Plus la stratégie militaire japonaise devient désespérée, plus elle se sert de la terreur, avec le mot d’ordre : "tuez, brûlez, pillez autant que vous pouvez".
Quand les troupes japonaises entrent dans la ville de Nankin en 1937, elles commettent un des plus affreux massacresde la guerre : dans cette seule ville, environ 300 000 personnes sont tuées, dans un carnage sans pitié. Les troupes chinoises, en retour, mènent des attaques de partisans et la politique de la terre brûlée.
Pendant la guerre avec le Japon, la bourgeoisie chinoise ne réussit à établir qu’un "Front unique" très fragile. Même si, à la suite des attaques japonaises contre la Chine en 1937, elle avait resserré les rangs, en janvier 1941, les troupes nationalistes du KMT et les armées maoïstes s’affrontent de nouveau. Au cours du développement de la guerre, les forces de l’Armée Rouge – après beaucoup d’avancées et de retraites – deviennent dominante, inversant rapport de force existant au début du conflit.
Ainsi, après 1941, suite à des décennies de guerres répétées en Chine, à quatre ans de guerres plus ou moins bilatérales entre la Chine et le Japon, le conflit en Asie connaît alors une escalade dans une confrontation générale dans toute l’Asie. Entre 1941 et 1945, la guerre implique tous les pays d’ Extrême-Orient et aussi l’Australie.

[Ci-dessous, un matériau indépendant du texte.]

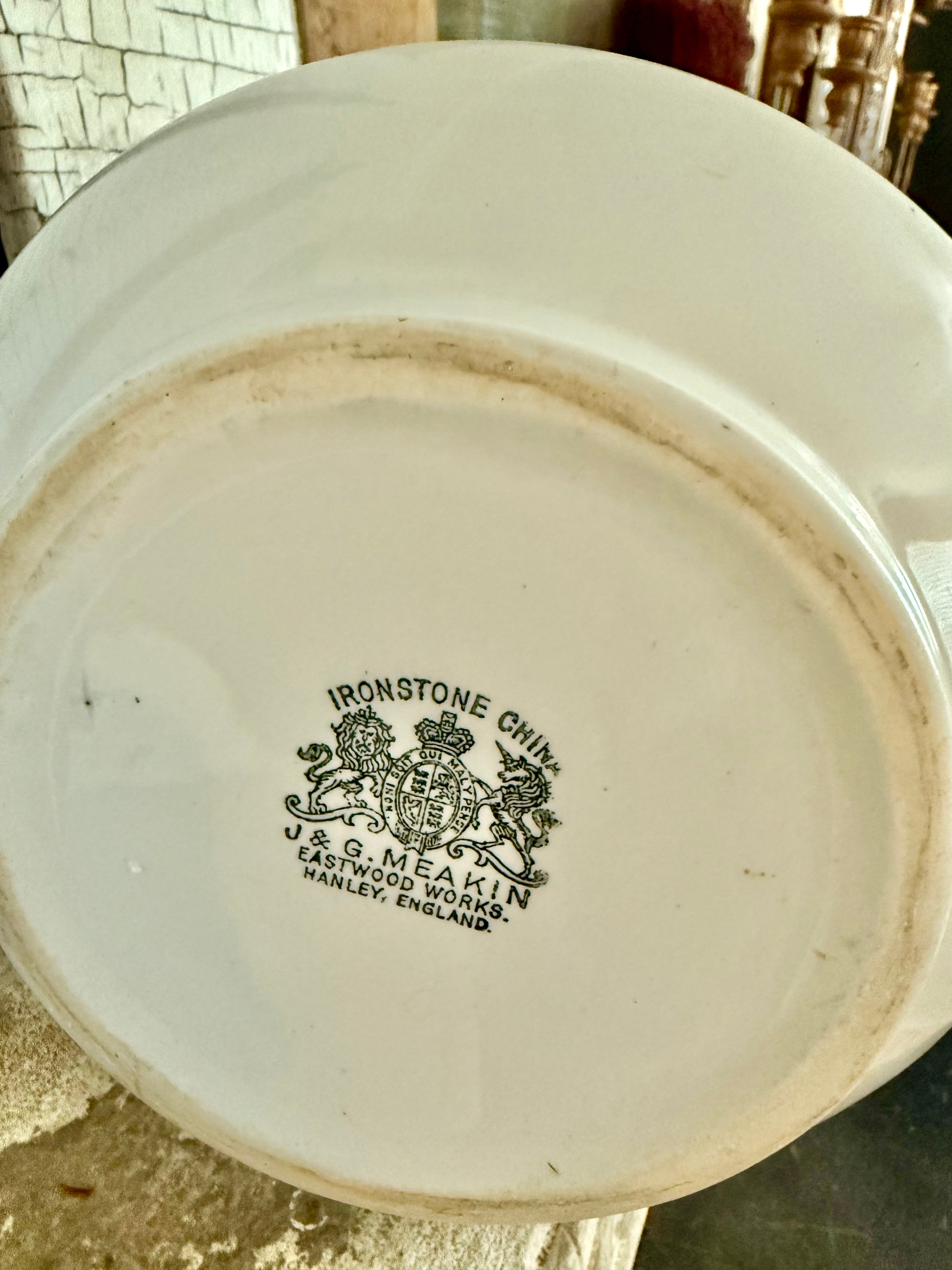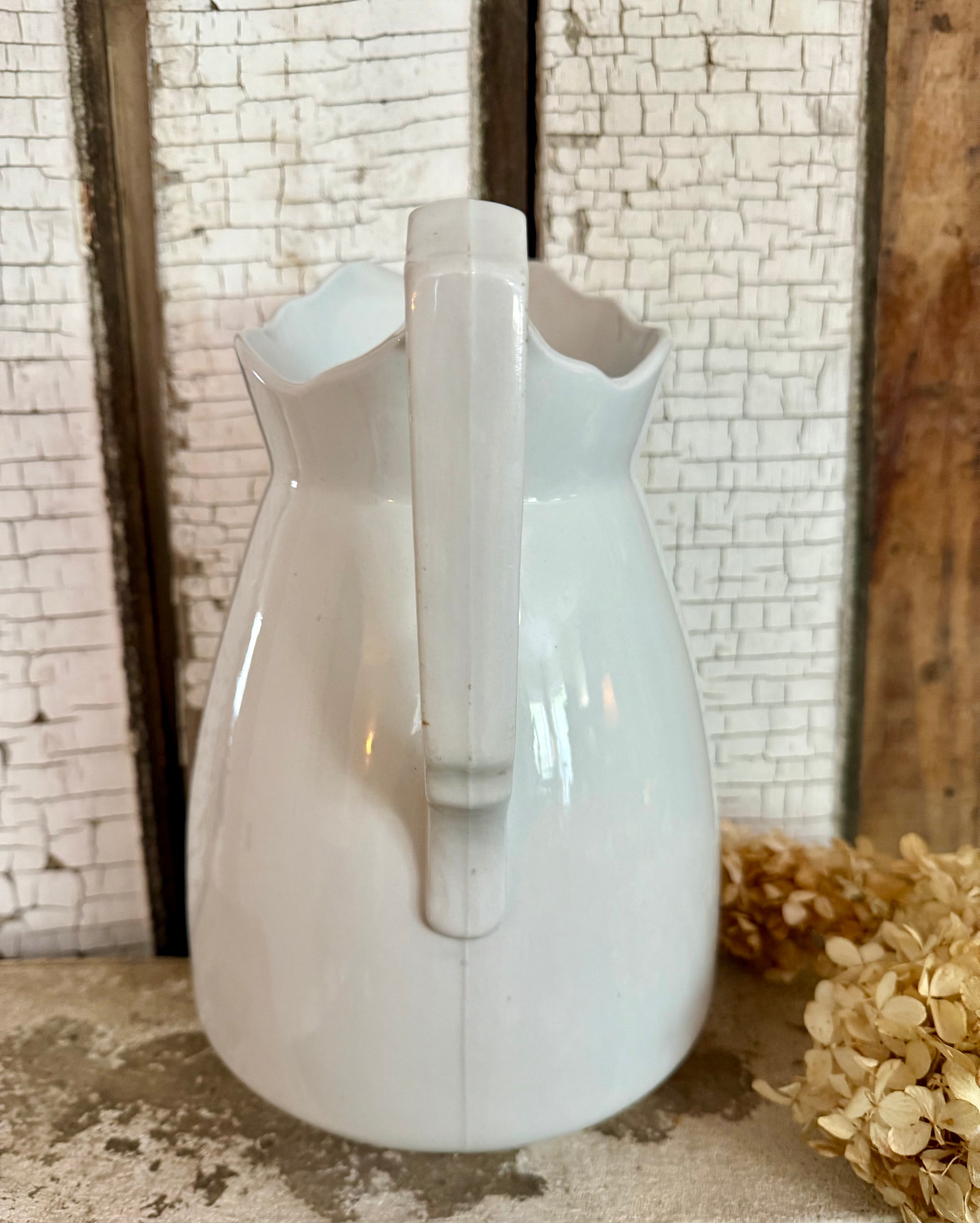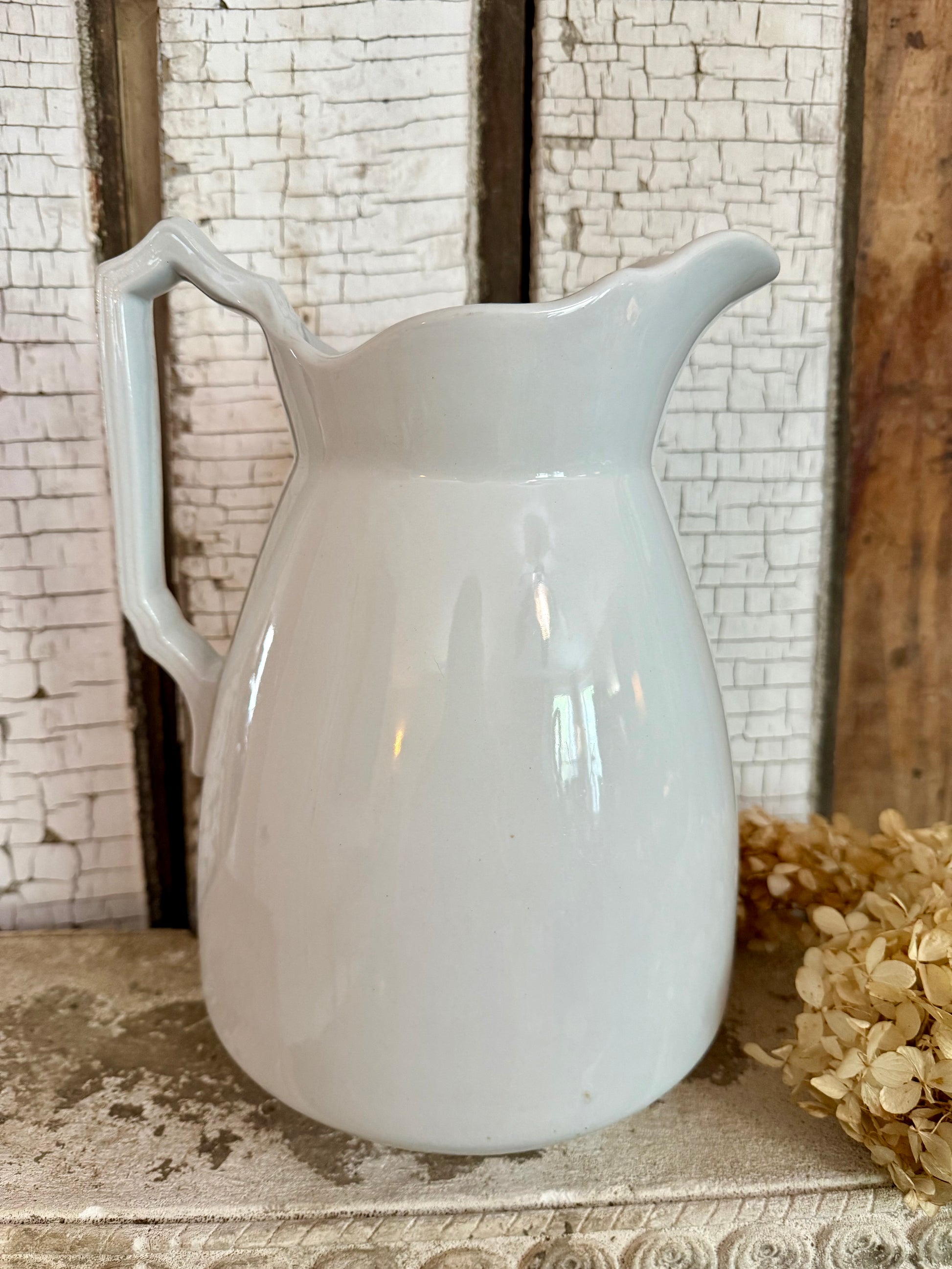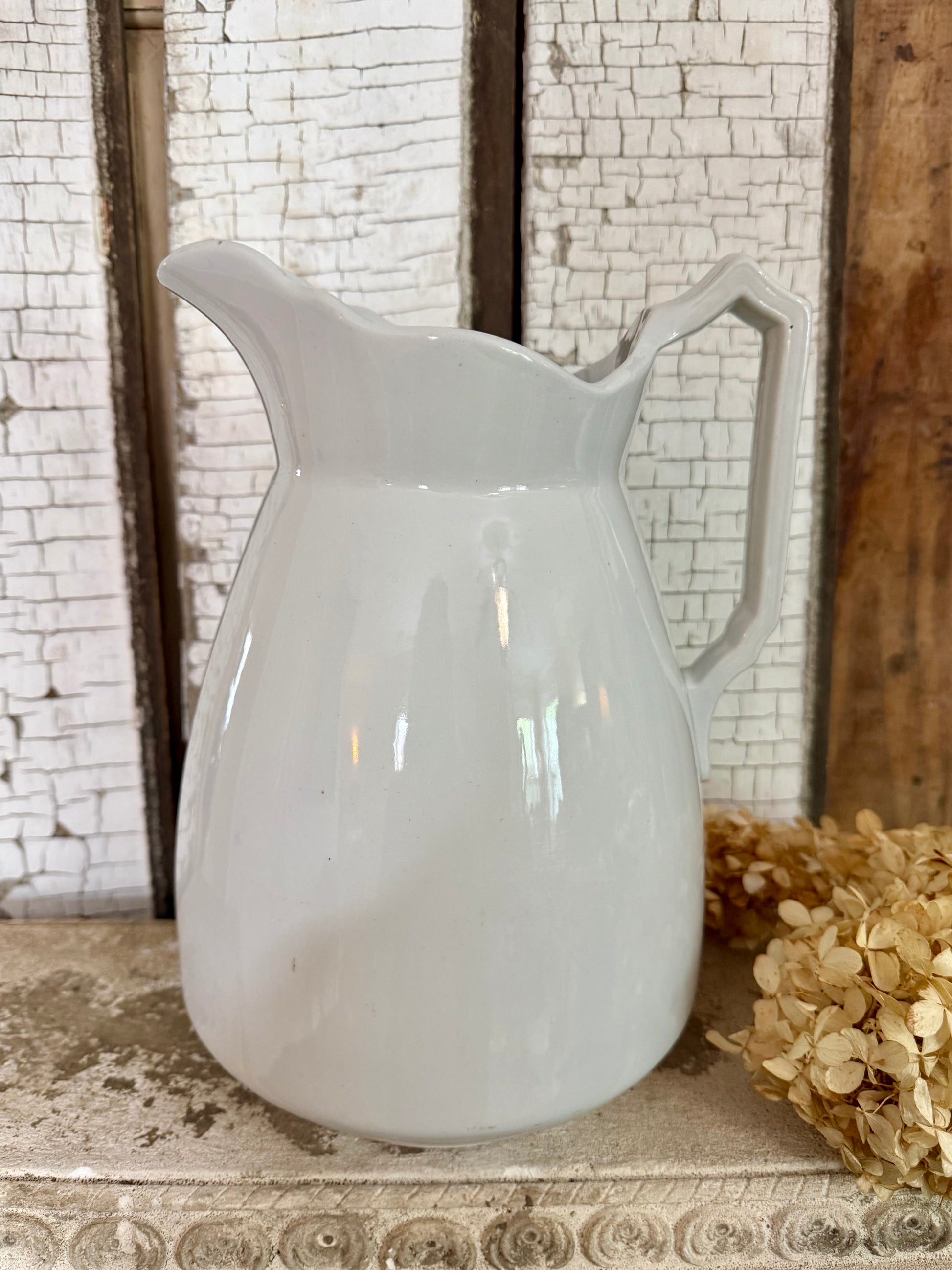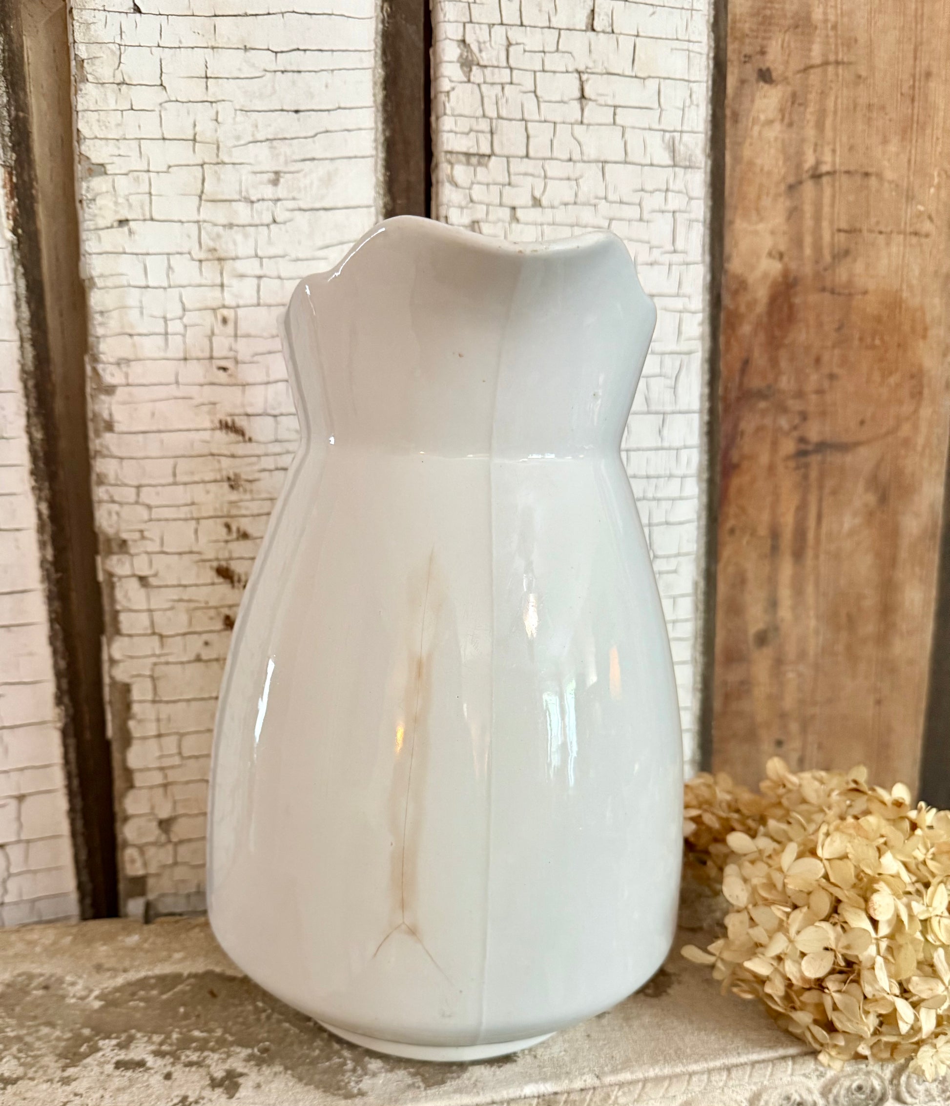 12" tall, 8 1/4" handle to spout. She has a hairline with some staining, otherwise in great condition!

Au début, le Japon gagne rapidement certaines positions – après sa victoire éclatante à Pearl Harbour. En quelques mois, le Japon conquiert de vastes régions du Sud-est asiatique. Ses troupes occupent les colonies britanniques de Hong Kong et de Singapore, de grandes parties des Philippines, débarquent dans les Indes hollandaises (plus tard, l’Indonésie) et pénètrent en Birmanie. En 100 jours, ils atteignent les côtes australiennes et indiennes2.
1Les conquêtes japonaises en Asie du Sud-Est ont exigé un énorme tribut en vies humaines. La bataille aux Philippines a été une des plus sanglantes. Par exemple, quelques 80 000 soldats japonais moururent dans la bataille pour l’île de Leyte, 190 000 dans la bataille pour Luzon, , la défense d’Okinawa a coûté la vie à 110 000 soldats japonais, l’armée US a perdu quelques 50 000 soldats dans la seule conquête d’Okinawa.
2Dans beaucoup de pays, le Japon a essayé d’attirer dans son orbite les défenseurs locaux de "l’indépendance nationale" au sein des colonies britanniques et hollandaises. Ainsi, en Inde, le Japon obtient le soutien des nationalistes indiens qui voulaient se séparer de leur puissance coloniale britannique. Le régime nazi allemand était parvenu à recruter des nationalistes au Moyen Orient pour son offensive, l’impérialisme japonais se présentait comme une force de "libération" du colonialisme anglais.